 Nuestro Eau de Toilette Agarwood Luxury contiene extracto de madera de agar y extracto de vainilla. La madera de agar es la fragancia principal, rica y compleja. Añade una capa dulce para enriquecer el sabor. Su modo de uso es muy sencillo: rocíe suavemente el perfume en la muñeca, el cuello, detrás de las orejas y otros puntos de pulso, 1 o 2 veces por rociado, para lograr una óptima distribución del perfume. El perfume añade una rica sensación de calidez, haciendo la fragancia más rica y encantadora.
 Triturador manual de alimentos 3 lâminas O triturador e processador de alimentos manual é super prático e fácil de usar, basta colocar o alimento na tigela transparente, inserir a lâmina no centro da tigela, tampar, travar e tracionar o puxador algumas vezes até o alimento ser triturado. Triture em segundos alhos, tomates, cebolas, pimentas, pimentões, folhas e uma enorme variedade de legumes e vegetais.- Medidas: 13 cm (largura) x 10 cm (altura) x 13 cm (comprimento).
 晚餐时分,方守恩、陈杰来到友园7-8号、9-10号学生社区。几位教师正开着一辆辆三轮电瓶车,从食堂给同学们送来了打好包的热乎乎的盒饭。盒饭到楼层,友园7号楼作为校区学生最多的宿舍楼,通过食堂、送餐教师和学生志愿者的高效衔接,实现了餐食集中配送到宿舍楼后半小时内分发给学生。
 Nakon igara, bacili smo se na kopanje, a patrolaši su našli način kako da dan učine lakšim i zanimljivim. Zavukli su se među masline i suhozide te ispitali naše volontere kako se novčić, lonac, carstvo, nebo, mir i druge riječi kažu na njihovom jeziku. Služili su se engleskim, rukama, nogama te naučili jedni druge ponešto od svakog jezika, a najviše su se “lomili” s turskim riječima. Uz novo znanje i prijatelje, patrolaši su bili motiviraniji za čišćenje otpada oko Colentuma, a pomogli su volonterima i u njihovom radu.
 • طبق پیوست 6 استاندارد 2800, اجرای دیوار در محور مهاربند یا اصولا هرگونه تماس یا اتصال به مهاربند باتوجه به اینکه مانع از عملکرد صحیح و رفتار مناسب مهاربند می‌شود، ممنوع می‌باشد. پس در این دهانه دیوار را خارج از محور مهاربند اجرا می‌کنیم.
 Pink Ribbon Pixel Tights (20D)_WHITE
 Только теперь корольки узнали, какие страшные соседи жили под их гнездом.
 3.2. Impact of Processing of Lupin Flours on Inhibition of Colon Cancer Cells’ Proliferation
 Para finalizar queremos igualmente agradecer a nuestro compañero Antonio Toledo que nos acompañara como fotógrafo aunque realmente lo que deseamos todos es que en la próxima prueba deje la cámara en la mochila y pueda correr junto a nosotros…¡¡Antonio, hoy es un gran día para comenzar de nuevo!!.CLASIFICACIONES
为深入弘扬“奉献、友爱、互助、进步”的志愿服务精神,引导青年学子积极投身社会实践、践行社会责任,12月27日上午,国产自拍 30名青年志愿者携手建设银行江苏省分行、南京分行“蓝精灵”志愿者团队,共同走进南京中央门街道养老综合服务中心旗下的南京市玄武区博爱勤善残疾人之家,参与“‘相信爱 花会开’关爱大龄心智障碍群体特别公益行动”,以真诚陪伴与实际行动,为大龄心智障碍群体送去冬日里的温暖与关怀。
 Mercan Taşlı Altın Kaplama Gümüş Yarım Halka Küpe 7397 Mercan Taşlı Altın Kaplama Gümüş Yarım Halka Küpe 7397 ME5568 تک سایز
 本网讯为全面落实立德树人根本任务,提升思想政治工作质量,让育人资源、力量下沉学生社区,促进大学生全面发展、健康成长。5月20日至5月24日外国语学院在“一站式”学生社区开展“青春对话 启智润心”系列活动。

#### WHAT YOU SHOULD DO
Write out exactly the lines that fall from the line with "Triturador manual de" to the line with "3.2. Impact of" in the records above, keeping both ends.

#### SOLUTION FOR THIS TASK
 Triturador manual de alimentos 3 lâminas O triturador e processador de alimentos manual é super prático e fácil de usar, basta colocar o alimento na tigela transparente, inserir a lâmina no centro da tigela, tampar, travar e tracionar o puxador algumas vezes até o alimento ser triturado. Triture em segundos alhos, tomates, cebolas, pimentas, pimentões, folhas e uma enorme variedade de legumes e vegetais.- Medidas: 13 cm (largura) x 10 cm (altura) x 13 cm (comprimento).
 晚餐时分,方守恩、陈杰来到友园7-8号、9-10号学生社区。几位教师正开着一辆辆三轮电瓶车,从食堂给同学们送来了打好包的热乎乎的盒饭。盒饭到楼层,友园7号楼作为校区学生最多的宿舍楼,通过食堂、送餐教师和学生志愿者的高效衔接,实现了餐食集中配送到宿舍楼后半小时内分发给学生。
 Nakon igara, bacili smo se na kopanje, a patrolaši su našli način kako da dan učine lakšim i zanimljivim. Zavukli su se među masline i suhozide te ispitali naše volontere kako se novčić, lonac, carstvo, nebo, mir i druge riječi kažu na njihovom jeziku. Služili su se engleskim, rukama, nogama te naučili jedni druge ponešto od svakog jezika, a najviše su se “lomili” s turskim riječima. Uz novo znanje i prijatelje, patrolaši su bili motiviraniji za čišćenje otpada oko Colentuma, a pomogli su volonterima i u njihovom radu.
 • طبق پیوست 6 استاندارد 2800, اجرای دیوار در محور مهاربند یا اصولا هرگونه تماس یا اتصال به مهاربند باتوجه به اینکه مانع از عملکرد صحیح و رفتار مناسب مهاربند می‌شود، ممنوع می‌باشد. پس در این دهانه دیوار را خارج از محور مهاربند اجرا می‌کنیم.
 Pink Ribbon Pixel Tights (20D)_WHITE
 Только теперь корольки узнали, какие страшные соседи жили под их гнездом.
 3.2. Impact of Processing of Lupin Flours on Inhibition of Colon Cancer Cells’ Proliferation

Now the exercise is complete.